Shopify Acquires Checkout Blocks
Over the last few years, Shopify has been very acquisitive as part of its aims to enhance existing offerings and the utility of the platform. These acquisitions are crucial to amplify its technology portfolio, upgrade merchants’ services, and make logistics even simpler.
A recent acquisition was Threads.com, a Slack alternative. which is designed to help Shopify strengthen business communications.
Another Shopify acquisition was Checkout Blocks, which provides a no-code solution that allows Plus merchants to tailor their checkout processes and boost customer satisfaction as well as sales. Because retention and customer loyalty are so crucial to compounding growth, this is a potential game-changer for Shopify.
Other optimization features offered by Checkout Blocks include AI recommendations, custom content, discounts, and personalized order status pages, among others.

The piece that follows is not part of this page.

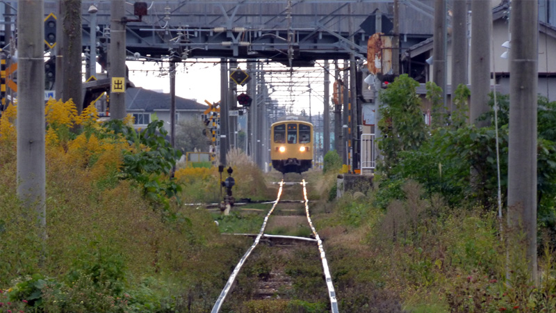 踏切を渡っていて、何か、遠くで、光ってるので、望遠で撮ってみたら、電車が来る! 「何、言ってんだか。」 線路いがんでるよ。「望遠撮影だからでしょ! この電車、すっごく遠くにいるんでしょ?」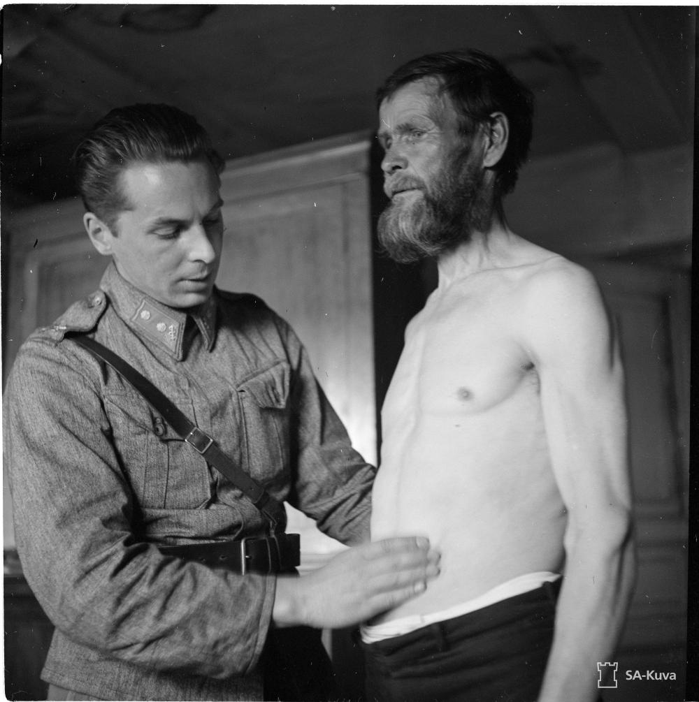 KUVA 23: Kasman kylässä ratsuväellä oli venäläisen siviiliväestön vastanotto kerran viikossa. Kuvassa URR:n lääkintäluutnantti Montell tutkii vanhaa venäläismiestä. Kuva: E. Nurmi 29.7.1942

The one common thread among these acquisitions is they are designed to make merchant experiences more seamless so in turn their end-customers have frictionless buying journeys.
These moves spotlight Shopify’s growth path through acquisitions and complement the platform’s logistics, automation, marketing, and mobile sales channels.
Shopify Is Investing in Advanced Technologies Like AI
Shopify has been making continuous efforts to integrate artificial intelligence into its technological infrastructure and merchants’ utility. Shopify expects to use AI technologies to provide customers with personalized purchase options and contribute to the company’s efficiency of operations and decision-making by its clients.
It leverages artificial intelligence to insightfully capture the customer behavioral patterns and needs so that it can successfully target and promote products to customers that they are most likely to shop for as well as adjust price strategies.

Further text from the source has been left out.